In the past twenty years or so in the UK, there has been a massive rise in concern for the safety of children, both with regard to the amount of traffic on the roads, together with a small number of highly publicised cases of child abduction, resulting in parents now driving their children everywhere. This inevitably compounds the amount of traffic on the roads together with many children getting very little physical exercise.

Another refreshing difference in attitude between the Czech Republic and the UK & USA was very clearly illustrated to us just over a year ago. The 6th December is Svaty Mikuláš/St. Nicholas Day. Each year on the evening of 5th December Svaty Mikuláš Eve, there is a Czech tradition of children dressing up as the Bishop/St. Nicholas, together with other children dressing up as angels and one as a devil. This website explains more.

On the evening of 5th December 2009, we walked around Staromestské námestí/Old Town Square where there were many children dressed up in the Svaty Mikuláš tradition. Most were accompanied by their parents, but what astounded both of us was that these parents were happily encouraging complete strangers to take photographs of their children dressed up in their outfits. In the UK, such is the paranoia about paedophilia that many schools do not even allow parents to take photographs of their own children in school drama productions, for fear of the photographs ending up in the hands of paedophiles.

I do not in any way want to belittle the incredible damage done to children who are abused by paedophiles. But research shows that nearly all child abuse is carried out by adults the children already know, be it their mother’s new boyfriend or a longstanding so-called friend of the family. Very rarely is a child abducted or abused by a complete stranger.

One further relaxed attitude we noticed last summer. On a couple of occasions on my day off when the weather was very hot and sunny, we drove south from Prague to the lake behind the Slapy Dam. Near the little village of Ždán, we visited a grassy ‘beach’ where it is possible to sunbathe and swim in the lake. Here we saw children, some up to seven or eight years old, happily paddling at the water’s edge, totally naked. Shock-horror as far as many Americans are concerned!

It was so nice to see children relaxed and being allowed to play au naturel, without being made to wear something. In particular, not to have little girls made to wear bikini tops to cover non-existent breasts, thus sexualising them before they have even reached puberty.

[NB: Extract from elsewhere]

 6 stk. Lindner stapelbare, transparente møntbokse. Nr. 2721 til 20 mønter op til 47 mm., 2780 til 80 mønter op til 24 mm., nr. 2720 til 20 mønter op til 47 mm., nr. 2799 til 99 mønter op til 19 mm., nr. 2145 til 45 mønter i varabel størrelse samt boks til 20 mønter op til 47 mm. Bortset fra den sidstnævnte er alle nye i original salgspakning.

As far as I am concerned – long may these attitudes and practices continue. Yet sadly, I do see some children being driven to and from school by their mothers in a 4×4, SUV, or ‘Chelsea Tractor’. Mostly these are expat families with children who attend the various international schools here in Prague. But some are wealthy Czechs who, for whatever reason, are beginning to adopt the relatively recent practices of the UK and USA. Sybille has taken to calling such vehicles ‘Bubenec Tractors’, after the nearby suburb where many diplomatic and wealthy Czech families live!

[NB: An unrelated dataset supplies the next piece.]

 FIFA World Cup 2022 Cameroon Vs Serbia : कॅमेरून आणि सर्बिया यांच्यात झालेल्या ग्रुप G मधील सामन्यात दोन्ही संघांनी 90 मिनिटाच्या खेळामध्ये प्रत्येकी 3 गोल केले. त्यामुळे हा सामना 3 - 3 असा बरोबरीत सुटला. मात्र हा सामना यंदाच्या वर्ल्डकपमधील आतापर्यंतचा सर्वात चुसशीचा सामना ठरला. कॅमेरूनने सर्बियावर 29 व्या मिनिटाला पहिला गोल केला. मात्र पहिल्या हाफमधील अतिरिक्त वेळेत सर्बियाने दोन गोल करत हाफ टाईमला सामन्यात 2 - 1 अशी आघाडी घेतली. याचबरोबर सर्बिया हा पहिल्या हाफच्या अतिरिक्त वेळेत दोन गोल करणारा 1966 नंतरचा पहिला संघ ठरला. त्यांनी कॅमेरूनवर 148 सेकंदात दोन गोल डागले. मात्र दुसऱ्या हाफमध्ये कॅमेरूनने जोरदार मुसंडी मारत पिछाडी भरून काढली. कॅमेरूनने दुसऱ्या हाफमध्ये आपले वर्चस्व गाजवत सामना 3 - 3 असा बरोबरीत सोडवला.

Sadly, there has also been a recent case of a young child called Anna Janatkova, disappearing whilst walking home from school. Because this event is so unusual, it has rightly received a large amount of publicity, unfortunately so far without a positive result.

I do hope that the practices and attitudes I have described in this blogpost, do continue and that increasing affluence and this recent extremely rare case of a child disappearing, do not bring about unwanted change. Because what I observe, are children who have a far greater degree of self-confidence than I see in many British children. And children who, almost without exception, are not overweight.

10 comments to The sensible Czech attitude to children and their safety

  • It sounds like those vehicles are a ”Bubenec Plague.”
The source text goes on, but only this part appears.